Ultrafast Electron Diffraction. 5. Experimental Time Resolution and Applications


This paper, the fifth in a series, is concerned with the experimental description of ultrafast electron diffraction and its application to several isolated chemical systems. We present a detailed description of the Caltech apparatus, which consists of a femtosecond laser system, a picosecond electron gun, and a two-dimensional charge-coupled device ( CCD) detection system. We also discuss the analysis of the scattering patterns. Ultrafast diffraction images from several molecules (CCl_4, I_2, CF_3l, C_2F_4I_2) are reported. For our first study of a chemical reaction in a molecular beam, we show the change in the radial distribution function following the formation of CF_3 radical after dissociation of CF_3l. The total experimental temporal resolution is discussed in terms of the electron pulse width and velocity mismatch. The electron pulse was characterized temporally with a streaking technique that yielded the width as a function of the number of electrons per pulse.
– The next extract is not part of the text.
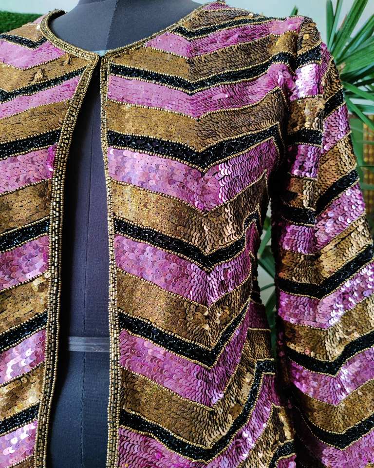 Descripción:Hermosa Chaqueta abierta frontal de lentejuelas con cuentas pesadas
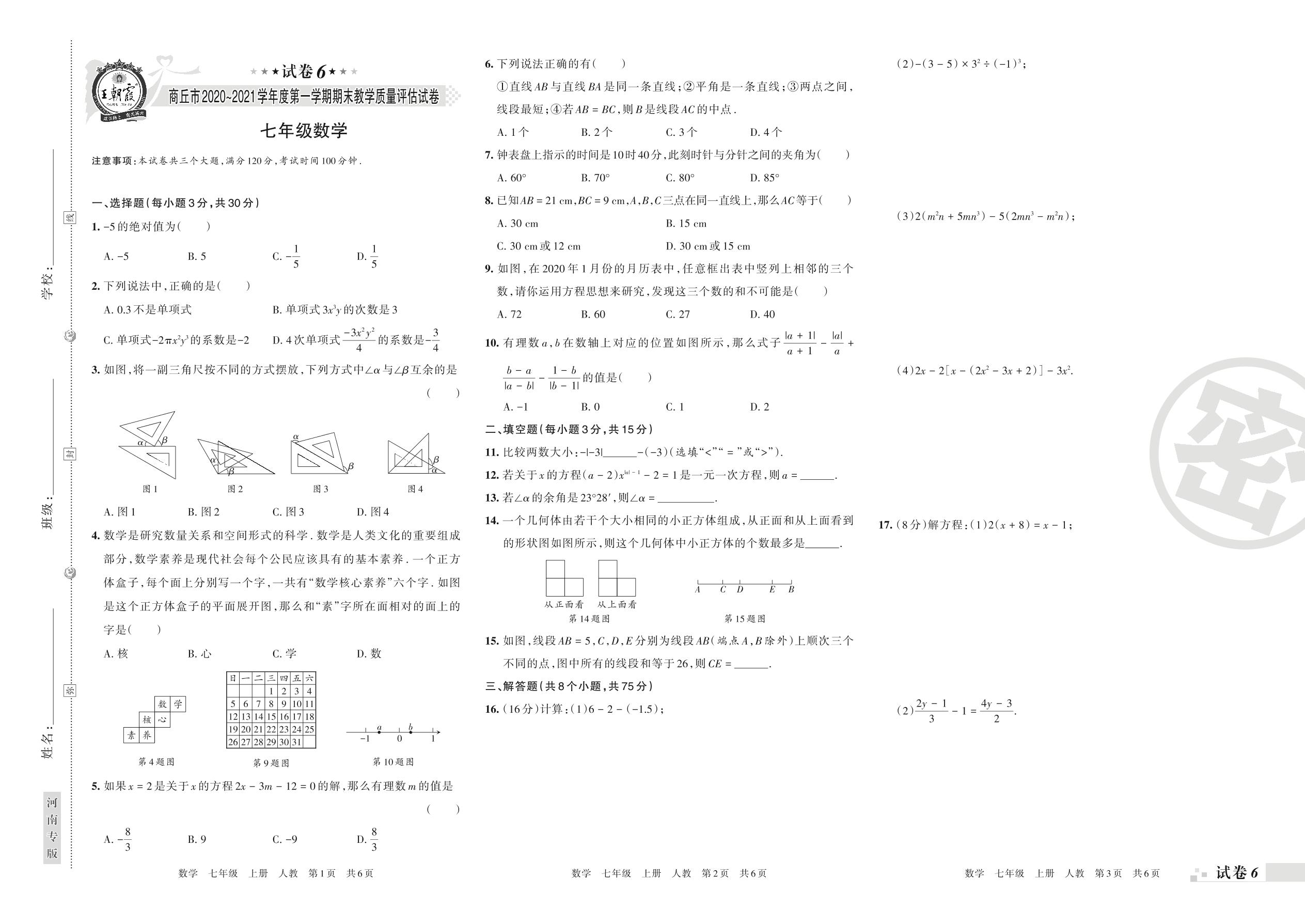 商丘市2020~2021学年度第一学期期末教学质量评估试卷七年级数学(人教版)【6】

Experimental results show that the electron source produces picosecond (or less) pulses at densities of 100 electrons per pulse and 10-ps pulses at 1000 electrons per pulse. We also report our observation of a novel photoionization-induced lensing effect on the undiffracted electron beam, which we have used to establish time zero for UED when reactions are initiated by a laser pulse.

Additional Information

© 1994 American Chemical Society. Received: January 13, 1994. Abstract published in Advance ACS Abstracts, March 1, 1994. This work was also presented at the 1993 Pacific Conference on Chemistry and Spectroscopy, Pasadena, CA, U.S.A., October 1993. This work was supported by a grant from the U.S. Air Force Office of Scientific Research and the National Science Foundation. The authors extend their appreciation to a number of individuals who contributed to the success of this undertaking over the past several years: Jim Janesick and Tom Elliot for their assistance with the CCD chips; Dr. H. Elsayed-Ali for his generous help and time in the initial design; Dr. John Ewbank for his suggestions and advice regarding gas-phase electron diffraction; and Dr. V. Schomaker for his interest in this project. J.C.W. thanks the National Science Foundation for providing a Graduate Student Fellowship. National Science Foundation Pre-Doctoral Fellow. Contribution No. 8917.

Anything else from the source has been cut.